Task goal –
Omitting all images, transcribe the listing word for word.

Material provided –
......

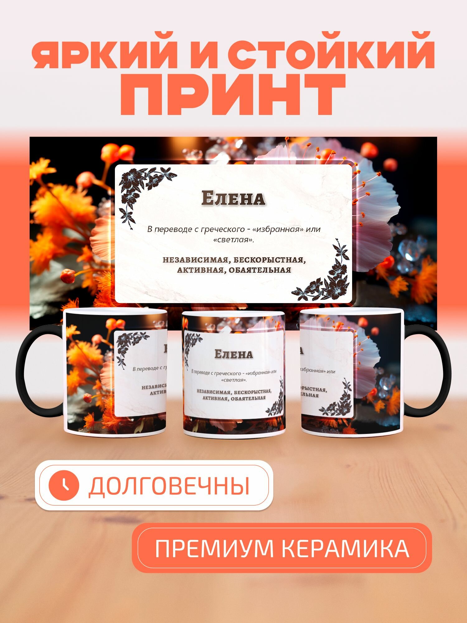 10 цен на Кружка Хамелеон с принтом именная Елена
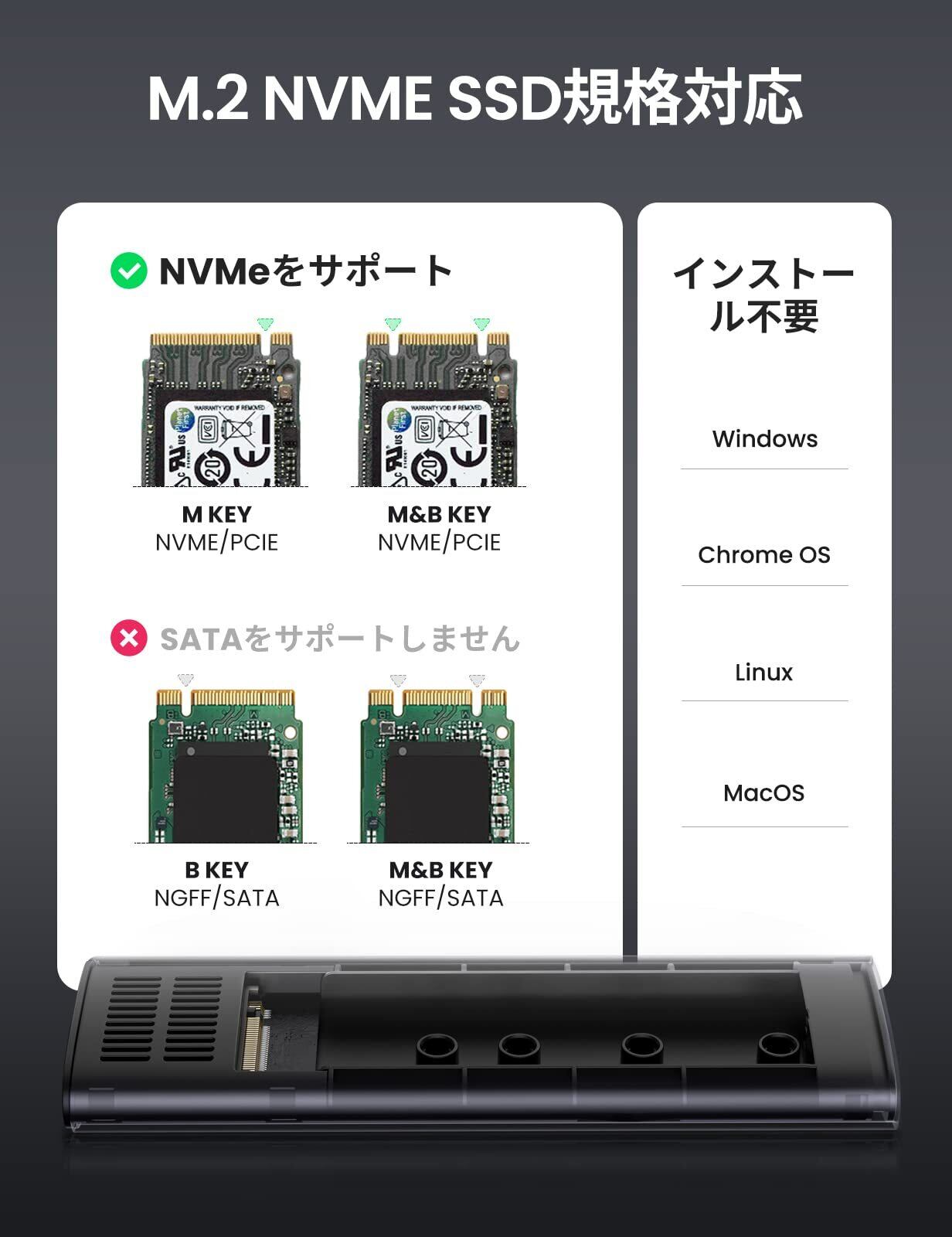 UGREEN M.2 SSD 外付けケース NVME専用 M.2 SSD ケース 【USB3.2 Gen2接続規格】 UASP対応 10Gbps高速転送 アルミ
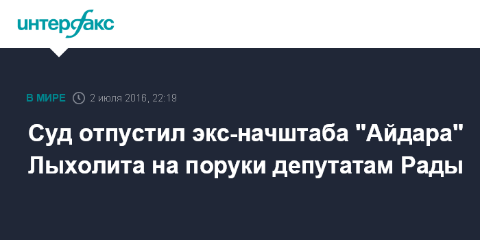 Москва. 2 июля. INTERFAX.RU - Апелляционный суд Киева отпустил экс-начштаба батальона "Айдар" Валентина "Бати" Лыхолита на поруки депутатов Верховной Рады, заявил председательствующий на заседании судья.

......

The answer –
 10 цен на Кружка Хамелеон с принтом именная Елена
 UGREEN M.2 SSD 外付けケース NVME専用 M.2 SSD ケース 【USB3.2 Gen2接続規格】 UASP対応 10Gbps高速転送 アルミ
 Москва. 2 июля. INTERFAX.RU - Апелляционный суд Киева отпустил экс-начштаба батальона "Айдар" Валентина "Бати" Лыхолита на поруки депутатов Верховной Рады, заявил председательствующий на заседании судья.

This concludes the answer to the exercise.